• THE PROBLEM: Give the lines below again, exactly as they stand, and leave out the images.
-- SOURCE DATA follows --
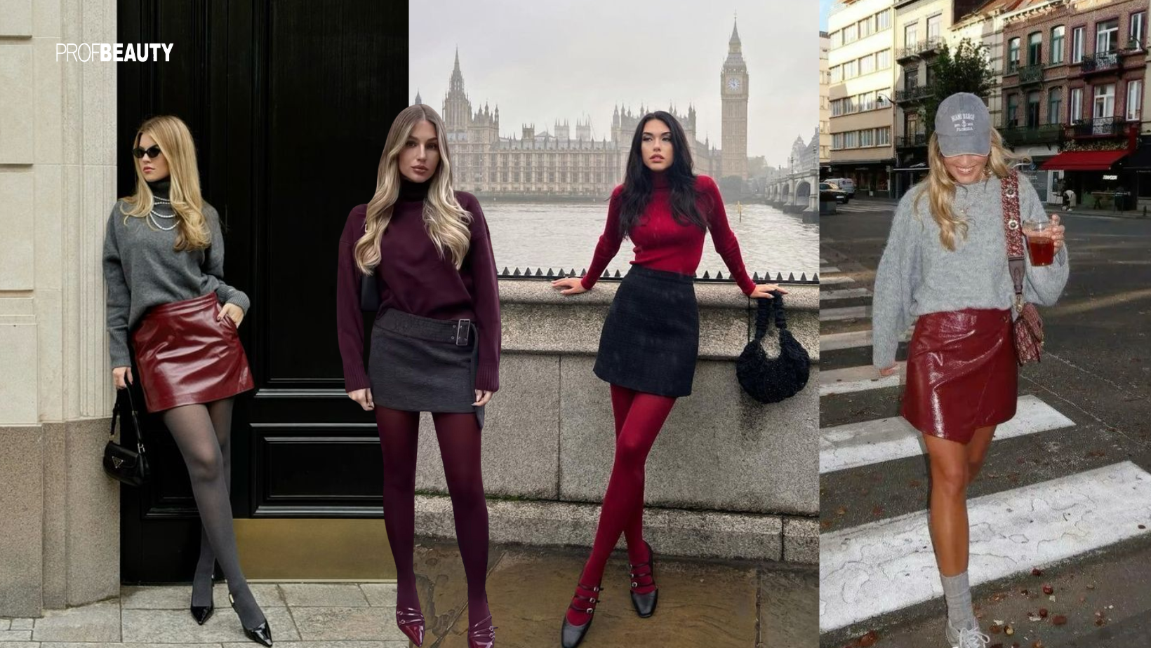 Chân váy ngắn chất liệu da hoặc dạ luôn sở hữu sức hút rất riêng. Bề mặt da bóng nhẹ mang lại cảm giác cá tính và đầy hiện đại, trong khi chất dạ lại gợi sự ấm áp rất hòa hợp với không khí se lạnh của Giáng sinh. Khi kết hợp cùng áo len dáng rộng, áo cổ lọ ôm sát hay áo giữ nhiệt tối giản tổng thể tạo nên một sự cân bằng tinh tế: phần trên ấm áp mềm rũ, phần dưới gọn gàng sắc nét. Sự tương phản này khiến outfit trở nên cuốn hút hơn, giàu chiều sâu về chất liệu mà vẫn giữ được vẻ chỉn chu. Để làm nổi bật form dáng và tăng điểm nhấn thị giác, có thể thêm một chiếc thắt lưng bản nhỏ để định hình vòng eo. Kết hợp tất cao đến gối để kéo dài đôi chân hoặc chọn boots đế cao cho cảm giác mạnh mẽ và thời thượng hơn. Mỗi chi tiết đều góp phần hoàn thiện tổng thể tạo nên sự hòa quyện giữa tính ứng dụng ngày đông và tinh thần thời trang của mùa lễ hội.
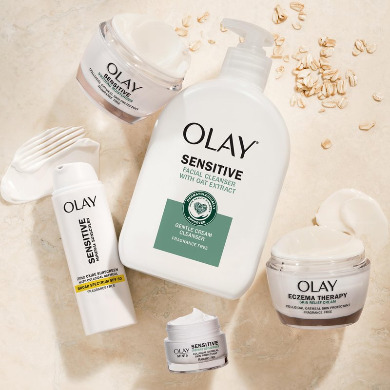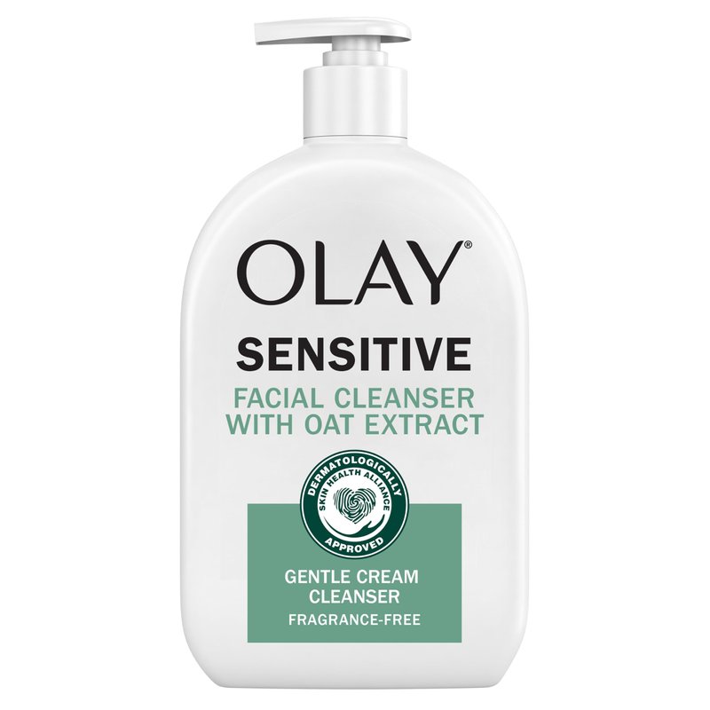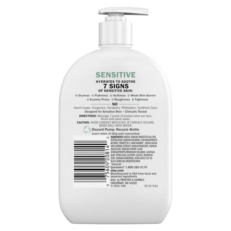 - GENTLE Cleanser: The OLAY Sensitive Facial Cleanser with Oat Extract delivers a gentle clean, and hydrates to soothe seven signs of sensitive skin: dryness, flakiness, itchiness, weak skin barrier, irritation, and tightness
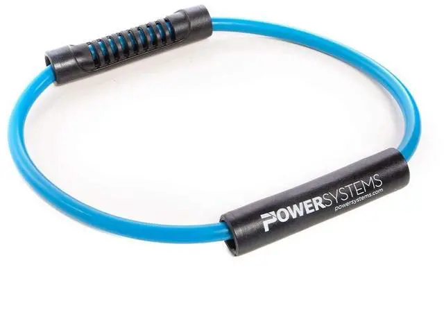 This versatile tubing band is ideal for strengthening and conditioning specific areas of the body. The double-lock system ensures the tubing doesn't come apart during exercises and is produced with a unique layering process to improve longevity in institutional or commercial fitness settings. Great for upper or lower-body workouts. The durable, soft PVC handles contour for easy gripping. Great for Pilates, rehabilitation and group classes. Five resistance levels. 10" diameter.
-- SOURCE DATA concluded --
• YOUR SOLUTION:
 Chân váy ngắn chất liệu da hoặc dạ luôn sở hữu sức hút rất riêng. Bề mặt da bóng nhẹ mang lại cảm giác cá tính và đầy hiện đại, trong khi chất dạ lại gợi sự ấm áp rất hòa hợp với không khí se lạnh của Giáng sinh. Khi kết hợp cùng áo len dáng rộng, áo cổ lọ ôm sát hay áo giữ nhiệt tối giản tổng thể tạo nên một sự cân bằng tinh tế: phần trên ấm áp mềm rũ, phần dưới gọn gàng sắc nét. Sự tương phản này khiến outfit trở nên cuốn hút hơn, giàu chiều sâu về chất liệu mà vẫn giữ được vẻ chỉn chu. Để làm nổi bật form dáng và tăng điểm nhấn thị giác, có thể thêm một chiếc thắt lưng bản nhỏ để định hình vòng eo. Kết hợp tất cao đến gối để kéo dài đôi chân hoặc chọn boots đế cao cho cảm giác mạnh mẽ và thời thượng hơn. Mỗi chi tiết đều góp phần hoàn thiện tổng thể tạo nên sự hòa quyện giữa tính ứng dụng ngày đông và tinh thần thời trang của mùa lễ hội.
 - GENTLE Cleanser: The OLAY Sensitive Facial Cleanser with Oat Extract delivers a gentle clean, and hydrates to soothe seven signs of sensitive skin: dryness, flakiness, itchiness, weak skin barrier, irritation, and tightness
 This versatile tubing band is ideal for strengthening and conditioning specific areas of the body. The double-lock system ensures the tubing doesn't come apart during exercises and is produced with a unique layering process to improve longevity in institutional or commercial fitness settings. Great for upper or lower-body workouts. The durable, soft PVC handles contour for easy gripping. Great for Pilates, rehabilitation and group classes. Five resistance levels. 10" diameter.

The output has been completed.